The Sin Eater walks among us, unseen, unheard
Sins of our flesh become sins of Hers
Following Her to the grave, unseen, unheard
The Sin Eater Walks Among Us.

For the crime of stealing bread, fourteen-year-old May receives a life sentence: she must become a Sin Eater—a shunned woman, brutally marked, whose fate is to hear the final confessions of the dying, eat ritual foods symbolizing their sins as a funeral rite, and thereby shoulder their transgressions to grant their souls access to heaven.

Orphaned and friendless, apprenticed to an older Sin Eater who cannot speak to her, May must make her way in a dangerous and cruel world she barely understands. When a deer heart appears on the coffin of a royal governess who did not confess to the dreadful sin it represents, the older Sin Eater refuses to eat it. She is taken to prison, tortured, and killed. To avenge her death, May must find out who placed the deer heart on the coffin and why.

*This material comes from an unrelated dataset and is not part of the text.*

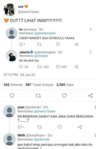
Gambar 4. Bagian Cerita AU

Seperti pada Gambar 3, penulis membuat utas terpisah khusus untuk mengenalkan karakter tokohnya. Untuk membuat kisah yang dibuat terlihat nyata dan dekat dengan pembaca, penulis acapkali menambahkan elemen lainnya, baik foto, gambar, video, audio-visual, maupun daftar lagu melalui Spotify, untuk memberikan pengalaman se-nyata mungkin dari kisah yang dibuatnya. Seperti ada gambar 4, yang memperlihatkan percakapan antara fans dari Arancione dengan Jakarta (Jaka), pada AU tersebut Jaka digambarkan sebagai seorang penyanyi dan memiliki akun Twitter resmi ( official ) bercentang biru. Terlihat pada gambar 4 hubungan yang akrab antara idol-fans yang ditunjukkan dari aksi saling balas tweet (cuitan).

“Very much reminiscent of The Handmaid’s Tale…it transcends its historical roots to give us a modern heroine” (Kirkus Reviews). “A novel as strange as it is captivating” (BuzzFeed), The Sin Eater “is a treat for fans of feminist speculative fiction” (Publishers Weekly) and “exactly what historical fiction lovers have unknowingly craved” (New York Journal of Books).